* _Given records_

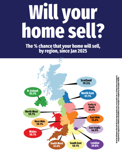 When a home goes on the market, not every one of them sells and the homeowner moves home. In fact, since January 2025, of the 1,236,316 UK homes that have left estate agents’ books across the UK, only 680,896 (or 55.1%) have actually sold and homeowner moved (ie exchanged and completed), with the rest 555,420 (44.9%) withdrawn unsold.
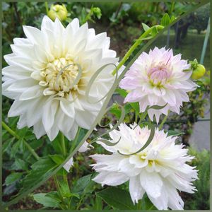 こんにちは😊 連投失礼します🙇💓 1枚め…今日のイチオシ、ダリア🤍✨ 名前は、“和がすり”💓 川西ダリア園からのニューフェイス💕 名前からもっと絣みたいな色かと想像してたら、白に微かに紫色が入っています⤴️⤴️ 2枚め…クジャクアスターいろいろ… 最初、一重の白🤍とピンク🩷だけでしたが、八重の紫💜、ピンク🩷、薄紫💜を何年か前に植えました😉👌 1番好きなのは薄紫💜✨ 3枚め…今日のフラワーアレンジ💓 秋の花、ダリアをメインに、秋明菊、コスモス、クジャクアスターも使って… 4枚め…フジバカマが年々大株になってます⤴️⤴️ 5枚め…バーバスカム🤍が、上まで咲いてきました⤴️⤴️ 🏷️お庭作り中
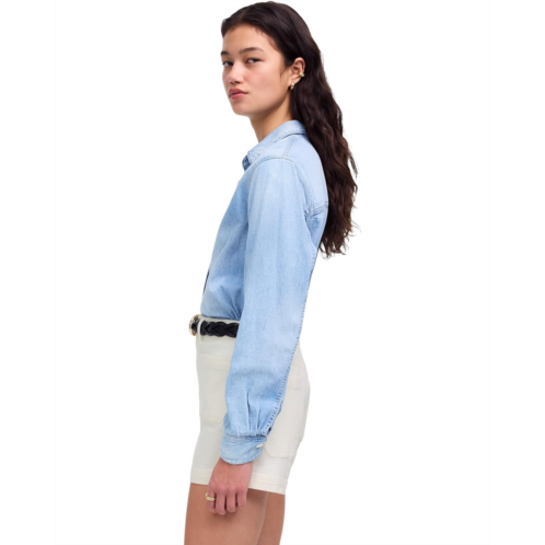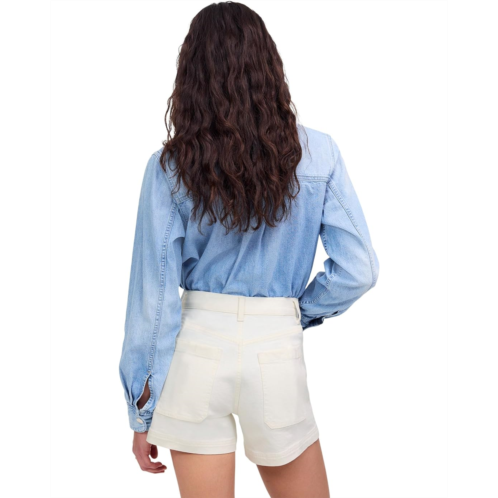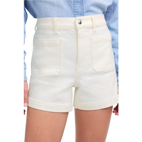 The Madewell White Emmett Shorts - Tile White offer a mid-rise flare with a touch of stretch for comfort and a flattering fit. The two front and back patch pockets add a functional detail, while the zero show-through fabric ensures confidence in every wear.
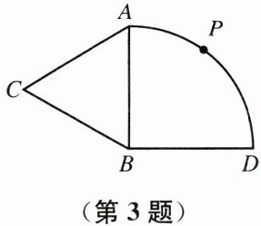 3. 如图,$\overset{\frown}{AD}$是以等边三角形ABC一边AB为半径的四分之一圆周,P为$\overset{\frown}{AD}$上的任意一点.若AC= 5,连接BP、AP,则四边形ACBP周长的最大值是( )
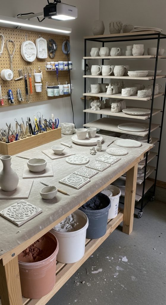 Pottery and clay crafts require a designated area to handle messy materials. A garage is ideal for pottery wheels, clay tables, and drying racks.
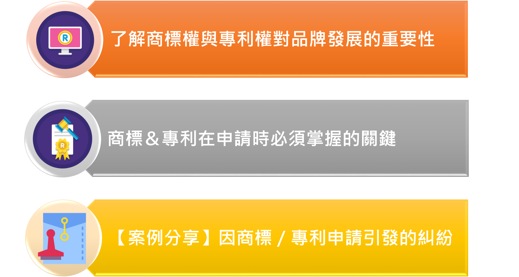 本次講座邀請到「瀛睿律師事務所高雄所」的張桐嘉主持律師,講解商標&專利申請必備知識、商標權、專利權差異與重點及這兩者對於品牌有何保護性。

* _How to complete this task_
Reproduce, word for word, everything in the listing above except the pictures.

* _Your response_
 When a home goes on the market, not every one of them sells and the homeowner moves home. In fact, since January 2025, of the 1,236,316 UK homes that have left estate agents’ books across the UK, only 680,896 (or 55.1%) have actually sold and homeowner moved (ie exchanged and completed), with the rest 555,420 (44.9%) withdrawn unsold.
 こんにちは😊 連投失礼します🙇💓 1枚め…今日のイチオシ、ダリア🤍✨ 名前は、“和がすり”💓 川西ダリア園からのニューフェイス💕 名前からもっと絣みたいな色かと想像してたら、白に微かに紫色が入っています⤴️⤴️ 2枚め…クジャクアスターいろいろ… 最初、一重の白🤍とピンク🩷だけでしたが、八重の紫💜、ピンク🩷、薄紫💜を何年か前に植えました😉👌 1番好きなのは薄紫💜✨ 3枚め…今日のフラワーアレンジ💓 秋の花、ダリアをメインに、秋明菊、コスモス、クジャクアスターも使って… 4枚め…フジバカマが年々大株になってます⤴️⤴️ 5枚め…バーバスカム🤍が、上まで咲いてきました⤴️⤴️ 🏷️お庭作り中
 The Madewell White Emmett Shorts - Tile White offer a mid-rise flare with a touch of stretch for comfort and a flattering fit. The two front and back patch pockets add a functional detail, while the zero show-through fabric ensures confidence in every wear.
 3. 如图,$\overset{\frown}{AD}$是以等边三角形ABC一边AB为半径的四分之一圆周,P为$\overset{\frown}{AD}$上的任意一点.若AC= 5,连接BP、AP,则四边形ACBP周长的最大值是( )
 Pottery and clay crafts require a designated area to handle messy materials. A garage is ideal for pottery wheels, clay tables, and drying racks.
 本次講座邀請到「瀛睿律師事務所高雄所」的張桐嘉主持律師,講解商標&專利申請必備知識、商標權、專利權差異與重點及這兩者對於品牌有何保護性。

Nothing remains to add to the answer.